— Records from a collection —
********************

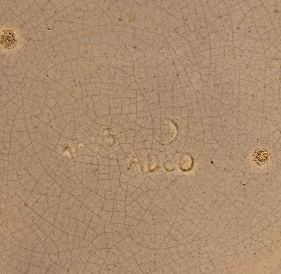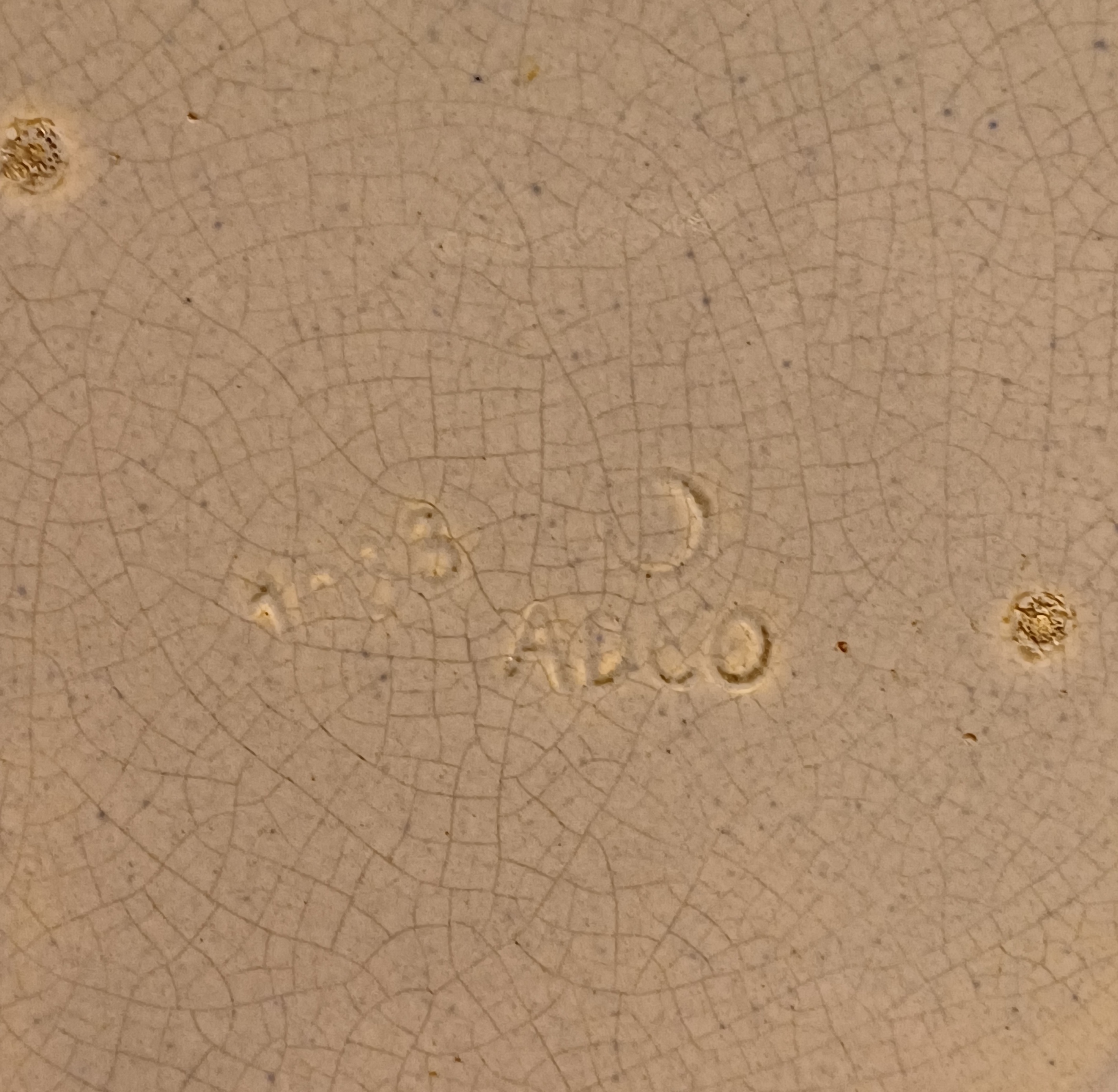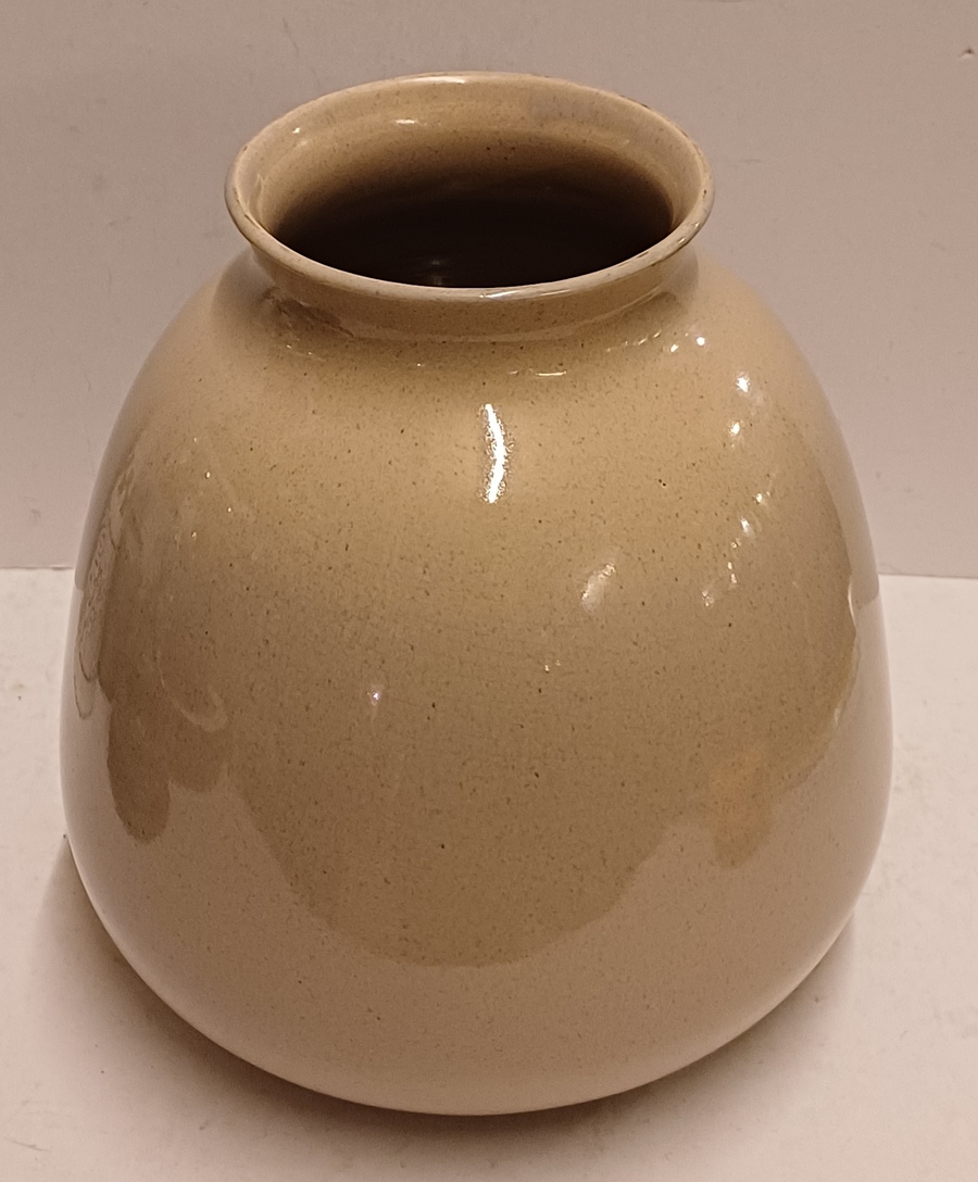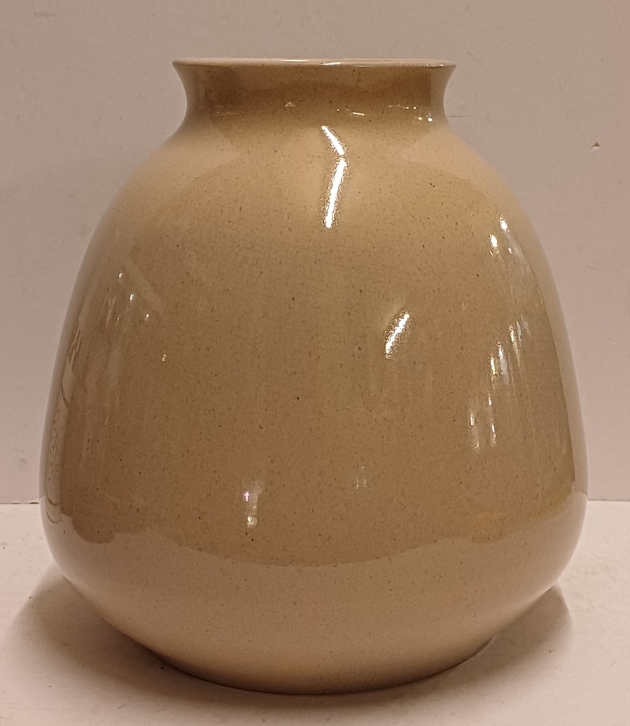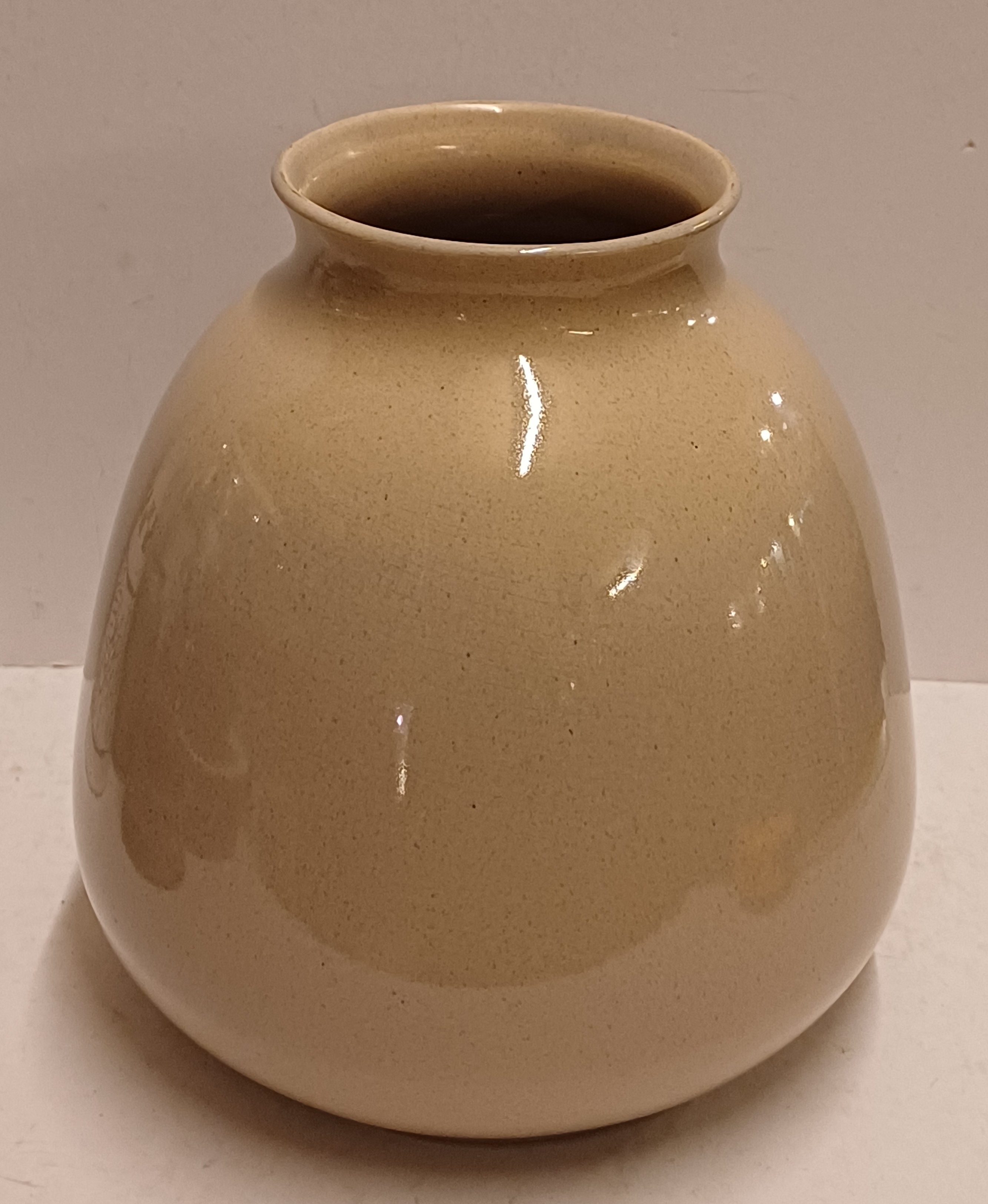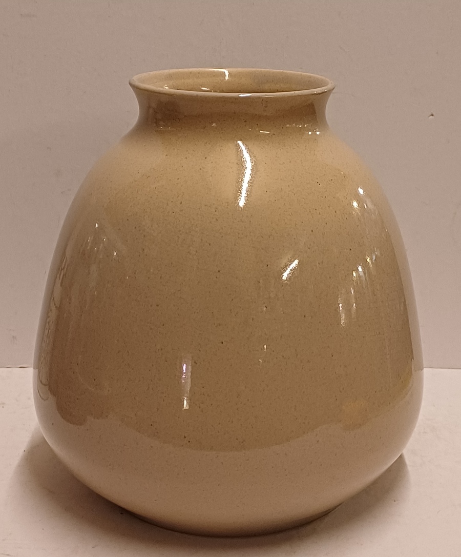 Aardewerken vaas met lichtbruine glazuur. Onderzijde met fabrieksmerk en modelnummer.
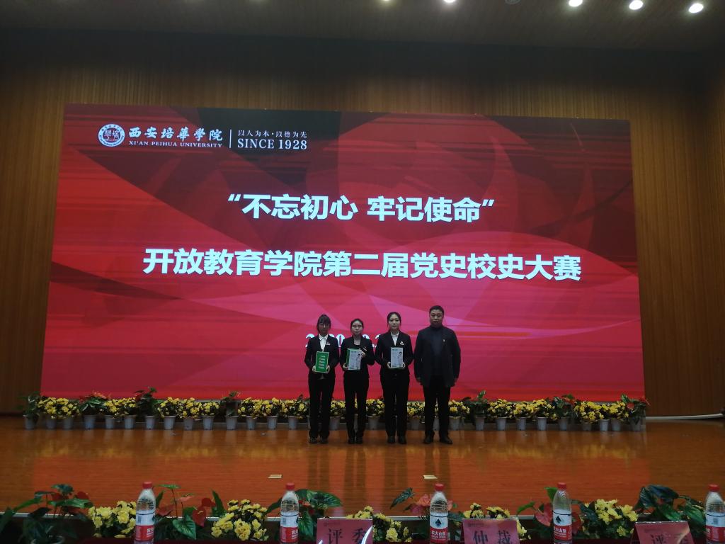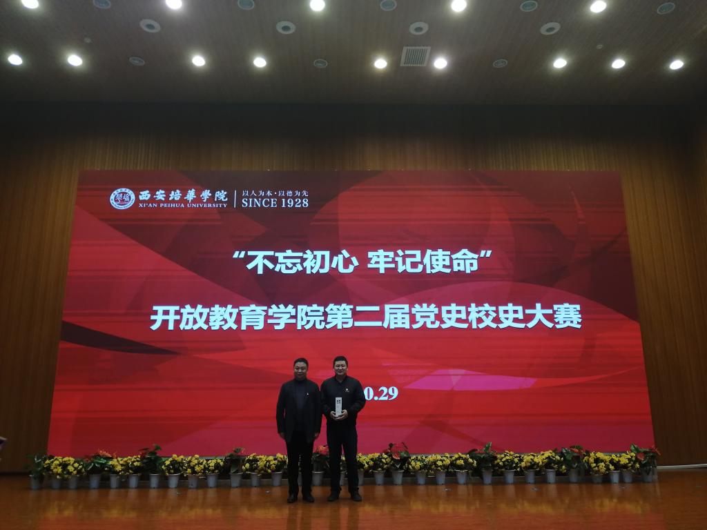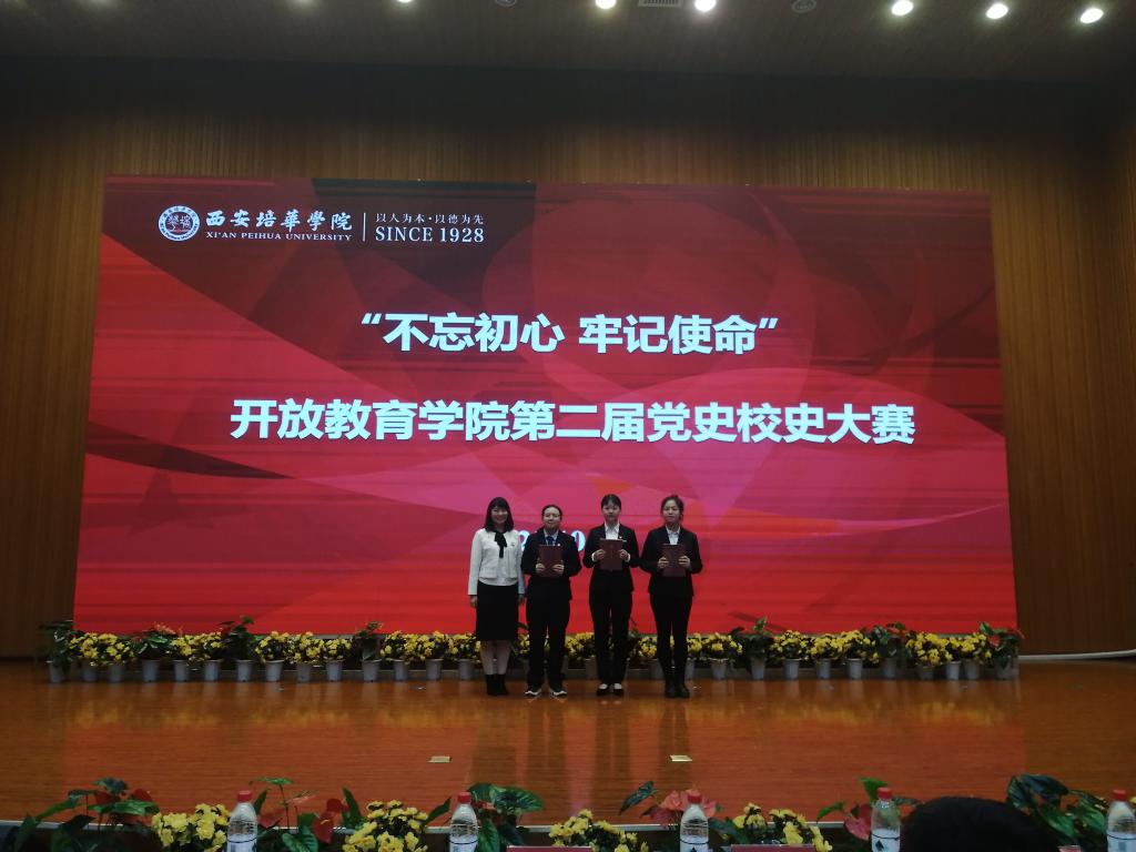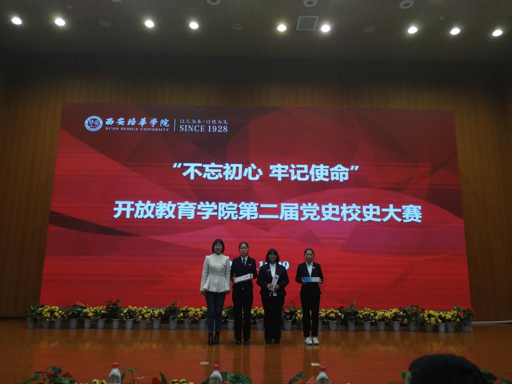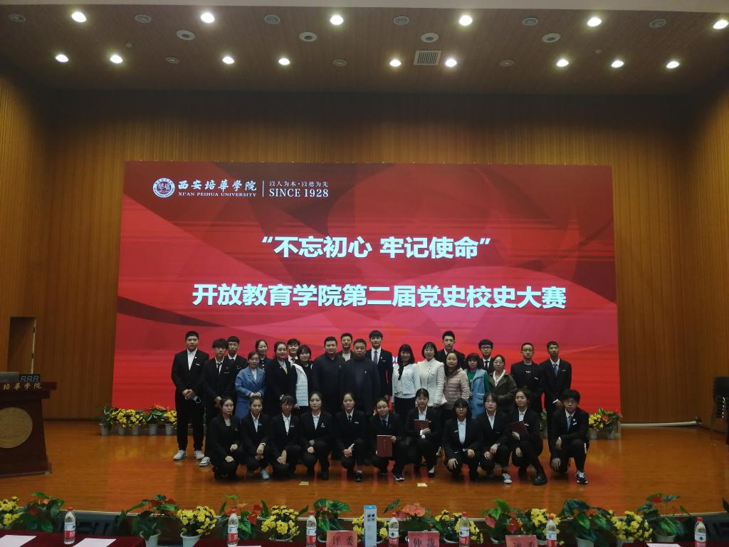 为培养学生爱党爱校情怀,加强学生对于“四史”和校史的学习,我院于10月29日在图书馆报告厅举办开放教育学院第二届“不忘初心 牢记使命”党史校史大赛,党总支书记兼行政副院长罗永辉、党务干事杜苗果担任评委,职工支部书记郭荣琼担任仲裁,全体老师及学生参加。
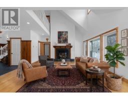 METICULOUSLY KEPT 4000+ SQ FT ESTATE ON 1.33 ACRES WITH A WALKOUT BASEMENT & EXCLUSIVE ACCESS TO 52 ACRES! Set on 1.33 acres in a prestigious estate neighbourhood in sought-after Horseshoe Valley, this well-maintained 2-storey home enjoys a treed setting with no homes directly in front or behind. A peaceful cul-de-sac address, lovely dormer windows, a large covered front porch, and an attached 2-car garage give this home a memorable first impression. Enjoy exclusive access to approximately 52 acres of private land for Trillium Trail residents, featuring nature trails, lookout points, open field space, and shared use of a storage shop. Hardwood flooring carries throughout the main and second level, while the combined living and dining room is defined by a soaring vaulted ceiling, oversized windows, a fireplace, and a double garden door walkout. Beautifully finished, the kitchen features quartz counters, built-in stainless steel appliances, white cabinetry with some glass inserts, a centre island, and breakfast bar seating. Main floor laundry with garage access adds function, while the main floor primary bedroom offers a private walkout to the back deck and a 5-piece ensuite with a soaker tub, separate shower, and water closet. Upstairs, 2 additional bedrooms, a full bathroom, and a loft-style family room with a gas fireplace create an upper level with plenty of character. The fully finished walkout basement with garage access and in-law potential extends the home's living space with a large rec room featuring a fireplace and double garden door walkout, along with a wet bar, bedroom, full bathroom, and large storage area. A new furnace in 2026 adds peace of mind. This exceptional location places you minutes from golf courses, Copeland Forest, ski hills, country clubs, and Vettä Nordic Spa, while the new Horseshoe Heights Public School is within walking distance, and Orillia and downtown Barrie are both under 25 minutes away. (id:61594)
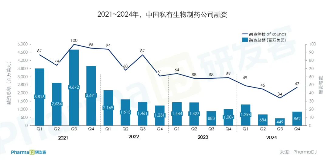 2024年,中国生物制药企业达成了175笔融资,公布的融资总额为32.9亿美元,相对于2023年和2022年分别下降了31%和59%。
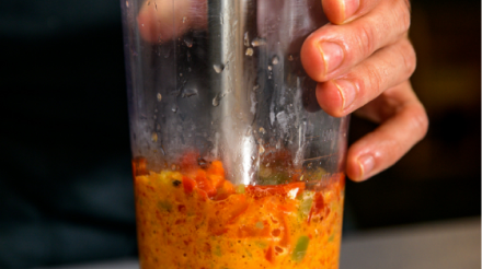 Pasam cu un blender ardeii si sosul din tava, impreuna cu busuiocul blansat, pana obtinem o crema fina.

********************

— PROBLEM TO SOLVE —
An exact printout of the entries is wanted, covering the first line through the line holding "为培养学生爱党爱校情怀,加强", with pictures kept out of it.

— SOLUTION —
 Aardewerken vaas met lichtbruine glazuur. Onderzijde met fabrieksmerk en modelnummer.
 为培养学生爱党爱校情怀,加强学生对于“四史”和校史的学习,我院于10月29日在图书馆报告厅举办开放教育学院第二届“不忘初心 牢记使命”党史校史大赛,党总支书记兼行政副院长罗永辉、党务干事杜苗果担任评委,职工支部书记郭荣琼担任仲裁,全体老师及学生参加。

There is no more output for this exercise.